Before Transformers, RNNs powered the best language models. The pipeline for language modeling with RNNs included the following steps:

Tokenize text
Build the vocabulary for the corpus
Convert words to IDs
Load word embeddings
Feed sequence of words to the RNN
Predict the next word (using softmax probabilities)
Compute loss with cross-entropy
Train the RNN via backpropagation through time (BPTT)

A variety of embedding methods (e.g. Word2Vec, GloVe, FastText, Transformer embeddings) can be applied to map words to dense vectors that semantic relationships.

Furthermore, language models can be evaluated using the following metrics:

Perplexity (text prediction accuracy)
BLEU/ROUGE/METEOR (language translation / similarity)
Accuracy/F1 (text classification)
Human evaluation (coherence/fluency)

We will delve more into word embedding and evaluation metrics for language models when we discuss Transformers in the future.

Where RNNs still matter

While Transformers dominate the cutting-edge of NLP today, RNNs remain valuable for a variety of scenarios and tasks, including small-data regimes, low-latency applications, and resource-limited environments.
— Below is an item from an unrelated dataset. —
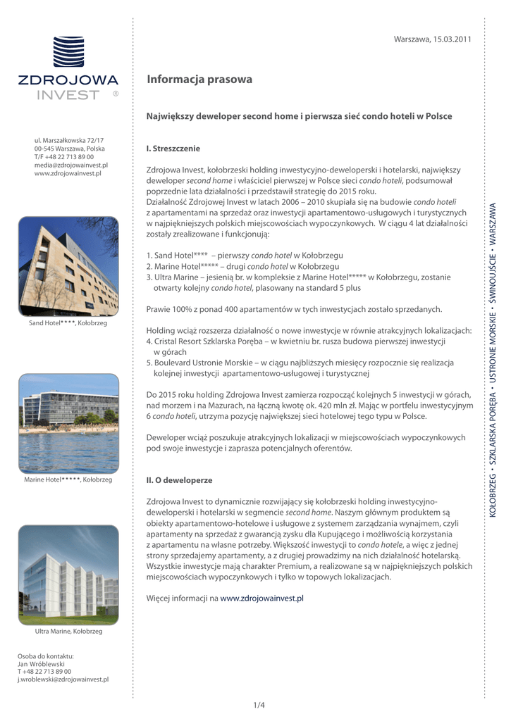 Warszawa, 15.03.2011 Informacja prasowa Największy deweloper second home i pierwsza sieć condo hoteli w Polsce Prawie 100% z ponad 400 apartamentów w tych inwestycjach zostało sprzedanych. Sand Hotel , Kołobrzeg Holding wciąż rozszerza działalność o nowe inwestycje w równie atrakcyjnych lokalizacjach: 4. Cristal Resort Szklarska Poręba – w kwietniu br. rusza budowa pierwszej inwestycji w górach 5. Boulevard Ustronie Morskie – w ciągu najbliższych miesięcy rozpocznie się realizacja kolejnej inwestycji apartamentowo-usługowej i turystycznej Do 2015 roku holding Zdrojowa Invest zamierza rozpocząć kolejnych 5 inwestycji w górach, nad morzem i na Mazurach, na łączną kwotę ok. 420 mln zł. Mając w portfelu inwestycyjnym 6 condo hoteli, utrzyma pozycję największej sieci hotelowej tego typu w Polsce. Deweloper wciąż poszukuje atrakcyjnych lokalizacji w miejscowościach wypoczynkowych pod swoje inwestycje i zaprasza potencjalnych oferentów. Marine Hotel , Kołobrzeg II. O deweloperze Zdrojowa Invest to dynamicznie rozwijający się kołobrzeski holding inwestycyjnodeweloperski i hotelarski w segmencie second home. Naszym głównym produktem są obiekty apartamentowo-hotelowe i usługowe z systemem zarządzania wynajmem, czyli apartamenty na sprzedaż z gwarancją zysku dla Kupującego i możliwością korzystania z apartamentu na własne potrzeby. Większość inwestycji to condo hotele, a więc z jednej strony sprzedajemy apartamenty, a z drugiej prowadzimy na nich działalność hotelarską. Wszystkie inwestycje mają charakter Premium, a realizowane są w najpiękniejszych polskich miejscowościach wypoczynkowych i tylko w topowych lokalizacjach. Więcej informacji na www.zdrojowainvest.pl Ultra Marine, Kołobrzeg Osoba do kontaktu: Jan Wróblewski T +48 22 713 89 00 [email protected] 1/4 ŚWINOUJŚCIE USTRONIE MORSKIE 1. Sand Hotel**** – pierwszy condo hotel w Kołobrzegu 2. Marine Hotel***** – drugi condo hotel w Kołobrzegu 3. Ultra Marine – jesienią br. w kompleksie z Marine Hotel***** w Kołobrzegu, zostanie otwarty kolejny condo hotel, plasowany na standard 5 plus SZKLARSKA PORĘBA Zdrojowa Invest, kołobrzeski holding inwestycyjno-deweloperski i hotelarski, największy deweloper second home i właściciel pierwszej w Polsce sieci condo hoteli, podsumował poprzednie lata działalności i przedstawił strategię do 2015 roku. Działalność Zdrojowej Invest w latach 2006 – 2010 skupiała się na budowie condo hoteli z apartamentami na sprzedaż oraz inwestycji apartamentowo-usługowych i turystycznych w najpiękniejszych polskich miejscowościach wypoczynkowych. W ciągu 4 lat+ działalności zostały zrealizowane i funkcjonują: WARSZAWA I. Streszczenie KOŁOBRZEG ul. Marszałkowska 72/17 00-545 Warszawa, Polska T/F +48 22 713 89 00 [email protected] www.zdrojowainvest.pl III. Całość informacji Zdrojowa Invest, kołobrzeski holding inwestycyjno-deweloperski i hotelarski realizujący apartamenty wakacyjne i condo hotele z apartamentami na sprzedaż w najpiękniejszych polskich miejscowościach wypoczynkowych, podsumował poprzednie lata działalności i przedstawił strategię do 2015 roku. W latach 2006 – 2010 zostały zrealizowane i funkcjonują: Cristal Resort Szklarska Poręba Warto również wspomnieć, że obiekty Marine Hotel***** & Ultra Marine są zlokalizowane 20 m od morza, tuż przy promenadzie i plaży, a ze wszystkich apartamentów rozciąga się wspaniały widok na morze. „Prawie 100% z ponad 400 apartamentów w tych inwestycjach zostało sprzedanych.” - dodaje Jan Wróblewski Holding dynamicznie rozszerza działalność o inwestycje z systemem zarządzania wynajmem, w nowych, równie atrakcyjnych lokalizacjach: 4. Cristal Resort Szklarska Poręba – w kwietniu br. rusza budowa inwestycji apartamentowo-usługowej i turystycznej w górach (60 apartamentów z widokiem na Szrenicę – już w tej chwili sprzedano 50% – zaplecze SPA, sala konferencyjna i narciarnia) Boulevard Ustronie Morskie 5. Boulevard Ustronie Morskie – w ciągu najbliższych miesięcy rozpocznie się realizacja inwestycji apartamentowo-usługowej położonej na klifie o długości ponad 350 m w Ustroniu Morskim (45 apartamentów ze wspaniałym widokiem na morze, 20 lokali usługowych przy promenadzie) W ramach realizacji strategii rozwoju Zdrojowa Invest poszukuje działek w miejscowościach i regionach wypoczynkowych. W kręgu zainteresowania są również nieruchomości zabytkowe, ale jak dodaje Wróblewski: „Specjalizujemy się tylko w najlepszych lokalizacjach.“ Inwestycja w Kudowie-Zdroju Osoba do kontaktu: Jan Wróblewski T +48 22 713 89 00 [email protected] „Do 2015 roku planujemy rozpoczęcie kolejnych 5 inwestycji w górach, nad morzem i na Mazurach, na łączną kwotę ok. 420 mln zł, z czego 3 są już w przygotowaniu. W ten sposób staniemy się największym deweloperem second home w Polsce z łączną liczbą zakończonych i realizowanych 10 inwestycji, z ponad 2000 apartamentami, 300 lokalami użytkowym i 139,7 tys. m² (13,97 ha) powierzchni, na łączną kwotę ok. 670 mln zł. Natomiast z 6 condo hotelami utrzymamy pozycję największej sieci hotelowej tego typu w Polsce. Nie sądzimy, aby potencjalna konkurencja nas prześcignęła zwłaszcza, że dysponujemy już odpowiednim bankiem ziemi pod te inwestycje.” – przekonuje Jan Wróblewski. 2/4 ŚWINOUJŚCIE W ten sposób Zdrojowa Invest stanie się największą siecią condo hoteli w Polsce. „A już teraz z pozostałymi spółkami, które wchodzą w skład holdingu zatrudniamy ponad 250 osób. Jesteśmy jednym z największych pracodawców w Kołobrzegu, największym uzdrowisku w Polsce, chociaż centrala znajduje się w Warszawie” – oświadacza Jan Wróblewski, Członek Zarządu Zdrojowa Invest. USTRONIE MORSKIE 3. Ultra Marine – jesienią br. zostanie otwarty kolejny hotel z widokiem na morze w standardzie ponad 5 gwiazdek – wejdzie on w skład kompleksu Marin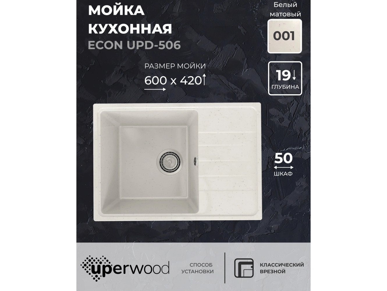 Кухонная мойка Uperwood ECON UPD-506-001 белая матовая

RNNs also come into play for situations like continuous control tasks (controlling an agent in a real-world environment where actions/states are continuous) or problems where inductive biases around continuity or recurrence are useful (i.e. biological signals like ECG/EEG).

Closing thoughts

RNNs, and in particular, LSTMs and GRUs, were the first deep learning architectures truly capable of effectively representing sequential data. They transformed NLP, speech recognition, and biological sequence analysis, paving the way for the attention mechanisms and Transformer models that followed.